Records excerpted from a collection

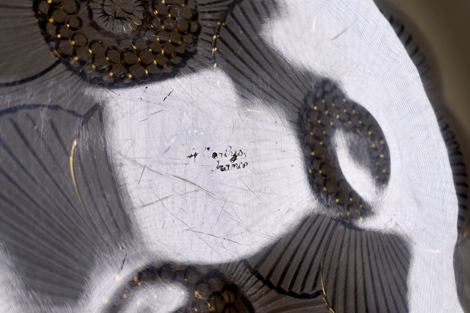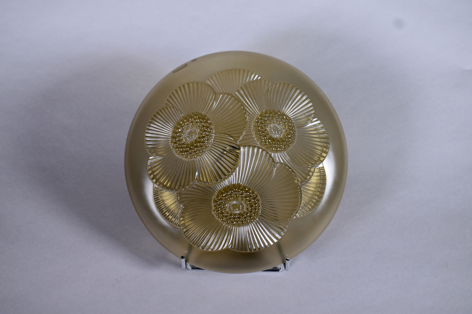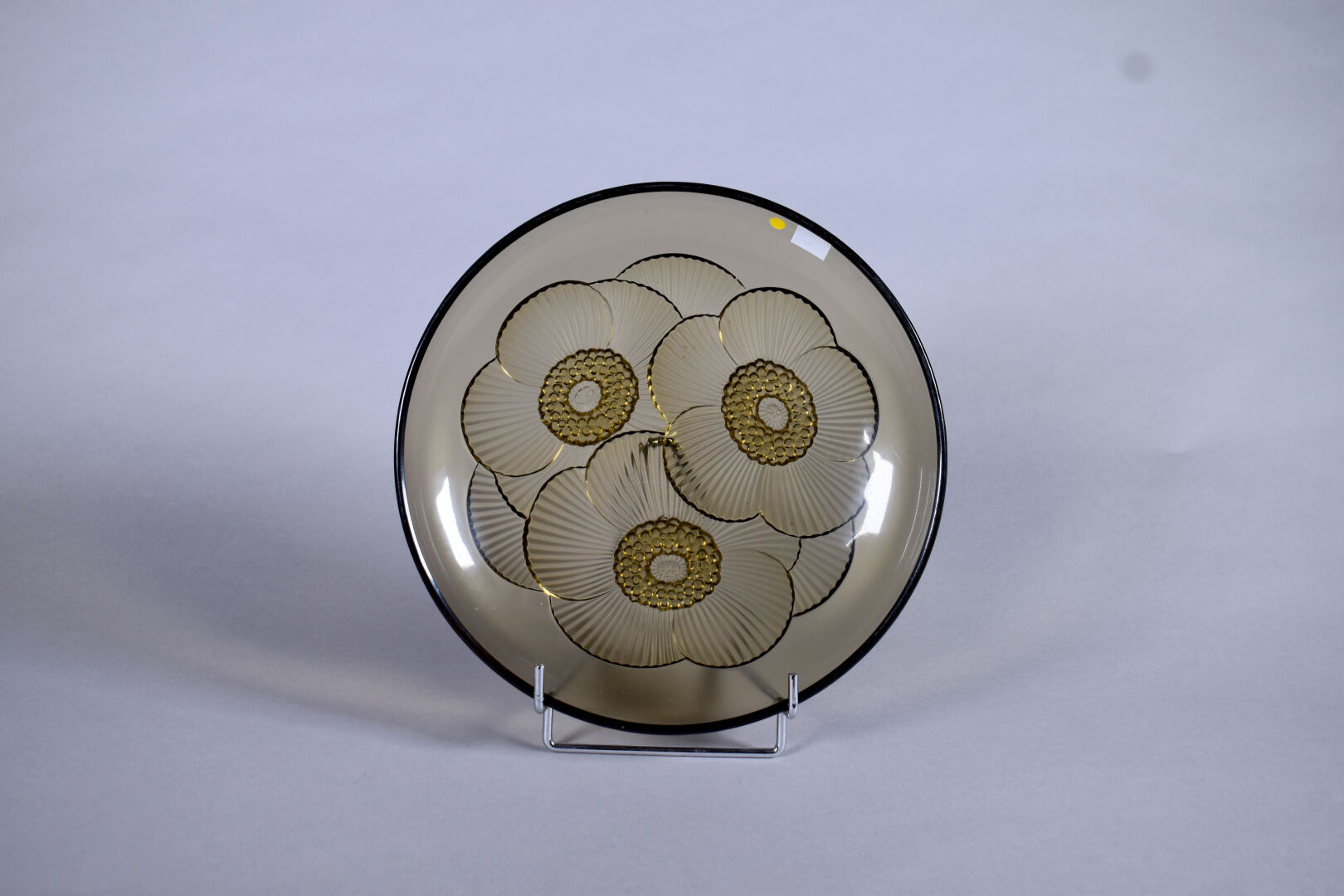 VERLYS FRANCE. Coupe en verre fumé à décor d’anémones. Signée. Diam. : 27,7 cm.
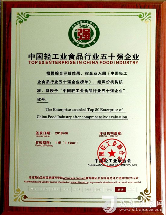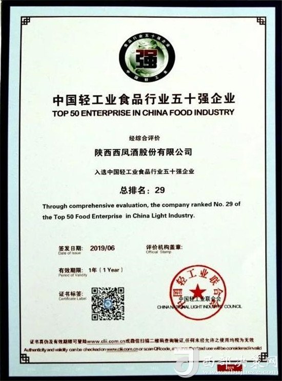 近日,由中國輕工業(yè)聯(lián)合會主辦,主題為“強(qiáng)化科技創(chuàng)新,服務(wù)美好生活”的“中國輕工業(yè)百強(qiáng)企業(yè)高峰論壇”在北京召開。會上,中國輕工業(yè)聯(lián)合會公布了2018年度中國輕工業(yè)食品行業(yè)五十強(qiáng)企業(yè),西鳳股份公司憑借良好的發(fā)展業(yè)績、市場口碑、行業(yè)競爭力及日益增強(qiáng)的品牌影響力,被中國輕工業(yè)聯(lián)合會授予“中國輕工業(yè)食品行業(yè)五十強(qiáng)企業(yè)”榮譽(yù)稱號,并受到表彰獎(jiǎng)勵(lì)。
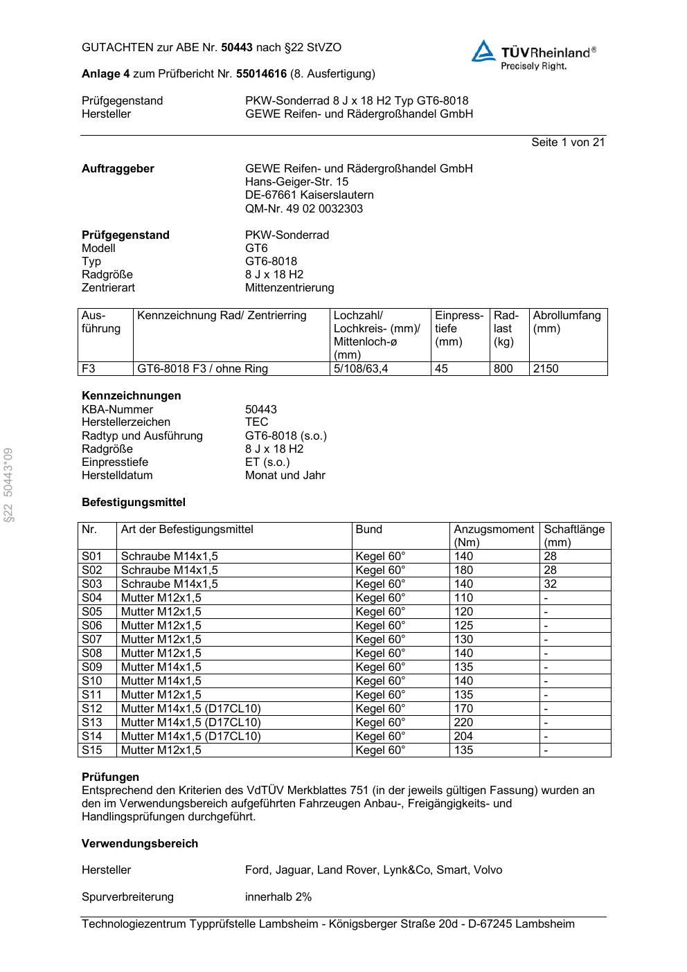 Dieses Gutachten (abe) bezieht sich auf die Alufelge GEWE GT6-8018 in der Ausführung ET 0, Mittenloch 0 mm (KBA 50443). Im PDF findest du typischerweise zulässige Reifengrößen, Auflagen/Anbauhinweise und – je nach Dokument – Hinweise zur Eintragung.
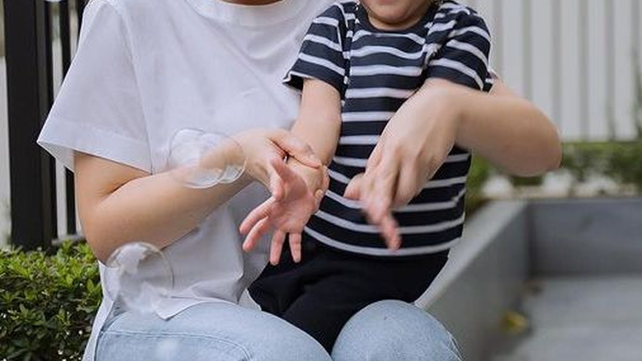 Nagita Slavina tampak memperhatikan Rayyanza yang sedang main bubble. Rayyanza tampak begitu senang ditemani sang mama. Di sela kesibukannya, Nagita Slavina selalu meluangkan waktu untuk bermain bersama anak-anaknya.
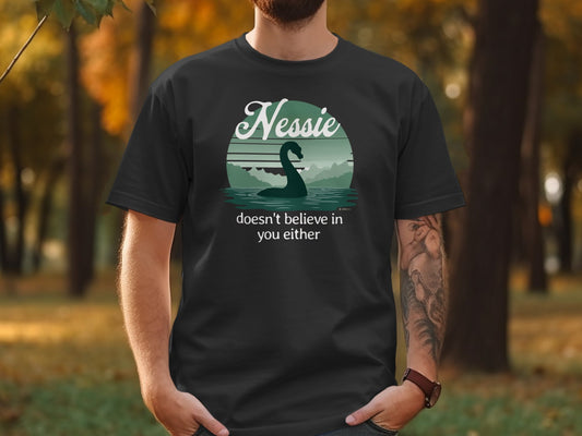 Nessie Believer Unisex Garment-Dyed T-shirt, Funny Loch Ness Tee, Cryptid Enthusiast Gift, Mythical Creature Top, Humorous Cryptid Shirt

Aim of the task – Output the records above exactly, omitting the pictures.

Output –
 VERLYS FRANCE. Coupe en verre fumé à décor d’anémones. Signée. Diam. : 27,7 cm.
 近日,由中國輕工業(yè)聯(lián)合會主辦,主題為“強(qiáng)化科技創(chuàng)新,服務(wù)美好生活”的“中國輕工業(yè)百強(qiáng)企業(yè)高峰論壇”在北京召開。會上,中國輕工業(yè)聯(lián)合會公布了2018年度中國輕工業(yè)食品行業(yè)五十強(qiáng)企業(yè),西鳳股份公司憑借良好的發(fā)展業(yè)績、市場口碑、行業(yè)競爭力及日益增強(qiáng)的品牌影響力,被中國輕工業(yè)聯(lián)合會授予“中國輕工業(yè)食品行業(yè)五十強(qiáng)企業(yè)”榮譽(yù)稱號,并受到表彰獎(jiǎng)勵(lì)。
 Dieses Gutachten (abe) bezieht sich auf die Alufelge GEWE GT6-8018 in der Ausführung ET 0, Mittenloch 0 mm (KBA 50443). Im PDF findest du typischerweise zulässige Reifengrößen, Auflagen/Anbauhinweise und – je nach Dokument – Hinweise zur Eintragung.
 Nagita Slavina tampak memperhatikan Rayyanza yang sedang main bubble. Rayyanza tampak begitu senang ditemani sang mama. Di sela kesibukannya, Nagita Slavina selalu meluangkan waktu untuk bermain bersama anak-anaknya.
 Nessie Believer Unisex Garment-Dyed T-shirt, Funny Loch Ness Tee, Cryptid Enthusiast Gift, Mythical Creature Top, Humorous Cryptid Shirt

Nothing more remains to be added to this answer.